I’m Andrii Byzov, an AI-Native Fractional CMO who runs Scrapy crawlers daily. Below: the copy-paste setup, the middleware-order gotcha, and the providers worth your budget.
Key Facts
- Set the proxy with
request.meta['proxy']— Scrapy’s built-inHttpProxyMiddlewarereads it and handles authentication from the proxy URL (http://user:pass@host:port). - Apply it to every request with a tiny DownloaderMiddleware, or set it per-request in
start_requests. - A rotating gateway means no IP list. Point
meta['proxy']at a rotating residential endpoint (like DataImpulse) and each request egresses from a fresh IP automatically. - For a static IP list, use
scrapy-rotating-proxies(ROTATING_PROXY_LIST) — it rotates, ban-detects, and sits beforeHttpProxyMiddlewarein the order (its default priorities already do this). - Scrapy supports HTTP/HTTPS proxies natively (not SOCKS5) — use the HTTP endpoint (DataImpulse port 823). Pair with residential at $1/GB, datacenter $0.50/GB, mobile $2/GB across a 90M+ pool, 195 countries.
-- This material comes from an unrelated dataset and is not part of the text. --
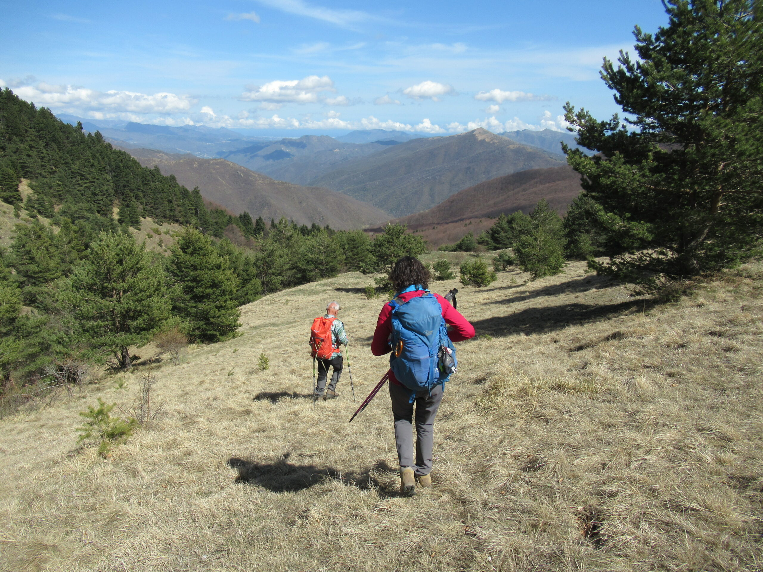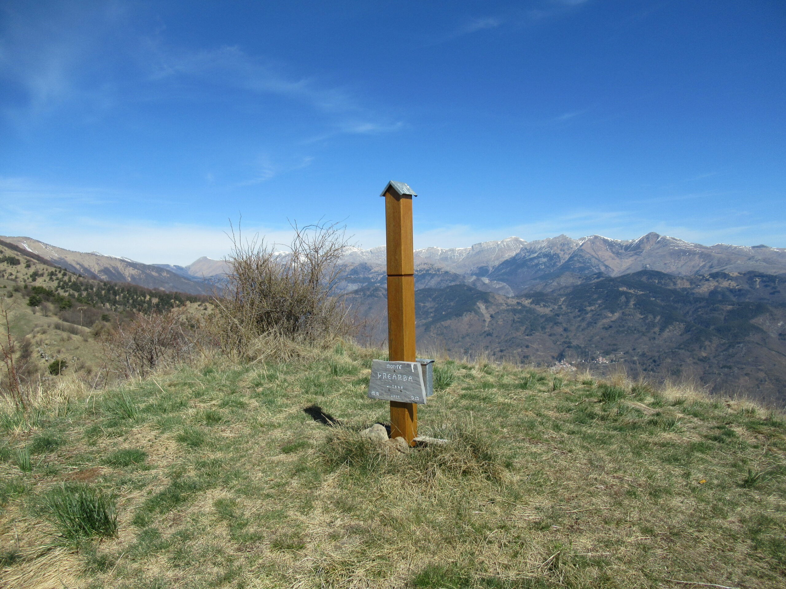 Con partenza dal Ponte dei Passi (m.747), siamo saliti come itinerario e dopo il ponte a salire verso dx per la bella mula tra antiche costruzioni ormai in abbandono, arrivando nei boschi soprastanti dove sparisce in piu’ punti ma grazie ai segnavia non ci si puo’ sbagliare e dopo altra salita eccoci sulla sterrata dell’acquedotto (palina). Qui la seguiamo verso dx con lungo tratto pianeggiante per arrivare al bivio e lasciata la sterrata segnata per Case Bueleo e Rezzo da dove si puo’ anche salire (piu’ lungo), siamo saliti su quella di sx che con salita tortuosa ci ha fatto prendere quota fino ad arrivare alla presa dell’acqua e li dopo un tratto di sentierino al limite del bosco, siamo saliti direttamente sul costone erboso e per il quale ad arrivare sul Monte Prearba (m.1446). Da qui con ottimi panorami e una bella giornata, proseguiamo per il panoramico crinale e dopo aver superato il Monte Bisciaire e il Poggio Pian del Latte, eccoci ad arrivare in vetta al Monte Monega (m.1882) dove pranziamo. Con sempre tanto sole, iniziamo la discesa per la panoramica cresta sud e le sue cimette, arrivando cosi’ al Passo della Mezzaluna e li subito per sterrata, siamo scesi alla malga (taglio tra i pini) e dopo un breve tratto a dx, l’abbiamo lasciata per sfruttare gli evidenti tagli e ritrovandola in piu’ punti, per poi dal tornante (palina) a scendere sulla mula segnata e rapidamente a perdere quota fino in fondo per superare la frana su sentiero e dopo aver attraversato il ponticello precario rieccoci all’auto terminando la stupenda gita ad anello svolta con Vittorio e Ornella. Buona Montagna!
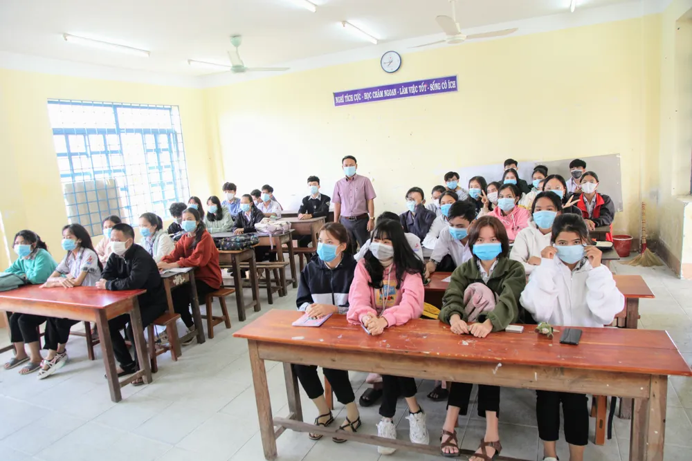 Học sinh Trường THPT An Phước trở lại với lớp học. Ảnh: NÚI XANH

How to Use a Proxy with Scrapy
1. Per-request via meta['proxy']
import scrapy
class IpSpider(scrapy.Spider):
name = "ip"
def start_requests(self):
proxy = "http://YOUR_LOGIN__cr.us:[email protected]:823" # __cr.us = US
yield scrapy.Request("https://httpbin.org/ip", meta={"proxy": proxy})
def parse(self, response):
self.log(response.text) # confirm the egress IP
Scrapy’s HttpProxyMiddleware (enabled by default) picks up meta['proxy'] and sets the Proxy-Authorization header from the credentials in the URL — no extra code needed.
2. A middleware to proxy every request
Cleaner for a whole project — set the proxy once and it applies to all requests:
# middlewares.py
class DataImpulseProxyMiddleware:
PROXY = "http://YOUR_LOGIN__cr.us:[email protected]:823"
def process_request(self, request, spider):
request.meta["proxy"] = self.PROXY
# settings.py — run BEFORE the built-in HttpProxyMiddleware (750)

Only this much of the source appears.